Troy University at Dothan
- Former name: Troy State University at Dothan
- Type: Public university, Master's university
- Established: 1961
- Chancellor: Jack Hawkins, Jr, PhD
- Vice-Chancellor: Orrin K. (Skip) Ames III, J.D., LL.M.
- Students: 3,023
- Location: Dothan, Alabama, United States 32°22′33″N 86°18′40″W﻿ / ﻿32.37583°N 86.31111°W
- Website: www.troy.edu

= Troy University at Dothan =

Satellite campus of Troy University in Alabama, US

Troy University at Dothan is a satellite campus of Troy University and is located in Dothan, Alabama.

The campus has its roots in extension courses offered at Fort Rucker, Alabama in the 1950s.
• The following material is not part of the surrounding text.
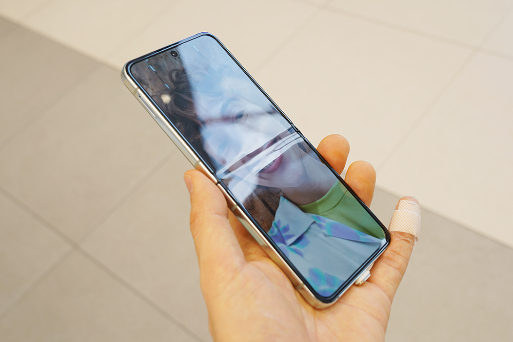 갤럭시 Z 플립5에는 6.7인치(170.3mm) FHD+(2640 x 1080) 해상도의 다이내믹 AMOLED 2X 인피니티 플렉스 디스플레이가 탑재되었습니다. 이전 세대의 제품과 비교해서 내구성이 높아졌다고 하지만 주름은 크게 개선된 것 같지는 않습니다. 그리고 크기는 성인 남성이나 여성이 한 손으로 사용하기에 크게 부담이 되는 편은 아니라고 판단되었습니다.

A separate Troy State College teaching center was established at Fort Rucker in the 1960s, which led to the creation of the present-day Dothan Campus. In 1982, the Montgomery and Dothan campuses were granted independent accreditation, and the Troy State University System was formed. In April 2004, "State" was dropped from the university's name to reflect the institution's new, broader focus. In August 2005, all Troy campuses were reunified under one accreditation.

In 2019, Troy University at Dothan opened Coleman Hall, an education center for children aged 6 weeks to 4 years old. The center serves as a training center for university students pursuing careers that involve working with children.